First, I recommend upgrading to the latest HBase 0.19 release, 0.19.3.
You have a few choices, but in short you want to use filters.
http://hadoop.apache.org/hbase/docs/r0.19.3/api/org/apache/hadoop/hbase/filter/package-summary.html
Specifically, you should look at the RegExpRowFilter:
http://hadoop.apache.org/hbase/docs/r0.19.3/api/org/apache/hadoop/hbase/filter/RegExpRowFilter.html
You could set up the regular expression to only return stuff from the
month you want. Inside the MR job you would know every row returned
would come from the month in question and would be able to look at the
key to determine the agency_id and day.
There's an example in TIFB docs:
http://hadoop.apache.org/hbase/docs/r0.19.3/api/org/apache/hadoop/hbase/mapred/TableInputFormatBase.html
Best of luck!
JG
Michael Hauck wrote:
Hi,
i'm new to hbase MapReduce and want to do following:
- create daily statistics with sql queries against a sql database
- store statistic results in hbase
- run daily MapReduce on that results to compute monthly statistics
I stored this data in hbase table 'route_conversion_statistics'.

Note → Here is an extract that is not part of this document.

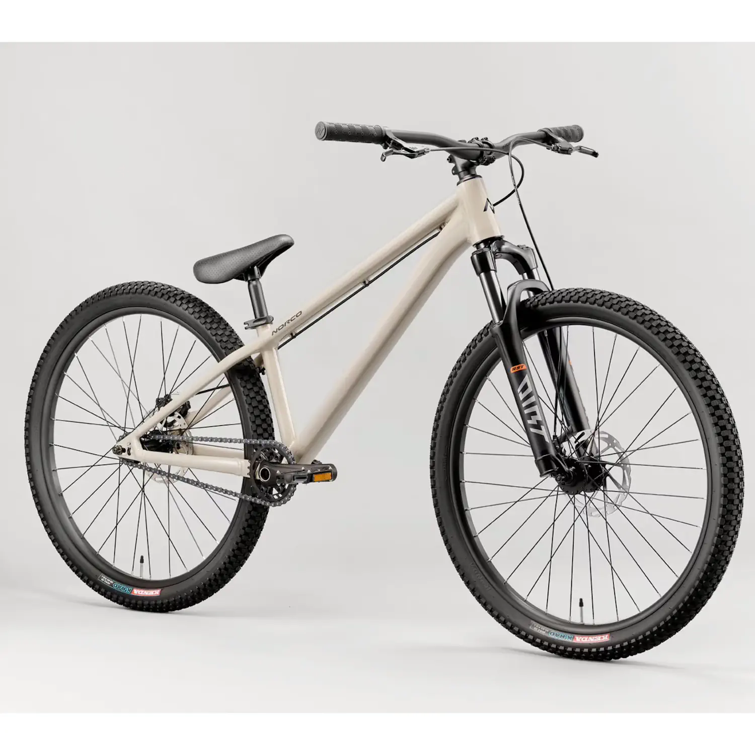 Norco Rampage 1 opiera się na solidnej ramie typu DJ wykonanej z aluminium, która łączy niską wagę z wysoką odpornością na przeciążenia. Geometria została zaprojektowana z myślą o dynamicznej jeździe i szybkiej reakcji na ruchy ridera. Rozmiar L zapewnia większą stabilność przy większym wzroście, bez utraty zwrotności charakterystycznej dla rowerów dirt. Amortyzator Manitou Circus Comp o skoku 100 mm skutecznie tłumi nierówności i wspiera kontrolę podczas lądowań. Całość konstrukcji została dopracowana tak, aby wytrzymać intensywną jazdę w skateparku i na dirtowych hopach.

My keys have the format '<agency_id>_yyyy-MM-dd' like '208_2009-06-08'
My ColumnFamilies are 'looks', 'bookings', 'turnover', 'paxcount'
For example:
The row '208_2009-06-08' has about 30000 column like this:
looks:FRAMUC, value=123
looks:FRALAX, value=456
...
bookings:FRAMUC, value=15
bookings:FRALAX, value=34
...
turnover:FRAMUC, value=1534.34
turnover:FRALAX, value=4574.35
...
paxcount:FRAMUC, value=356
paxcount:FRALAX, value=5676
...
Now i want to create a new row with the corresponding key '208_2009-06'
and put
the sum of all columns from '208_2009-06-01' to '208_2009-06-30'
What is the best practice to do this?
How can i scan over this monthly range?
I use hadoop 0.19.1 and HBase 0.19.1
Thanks,
Michael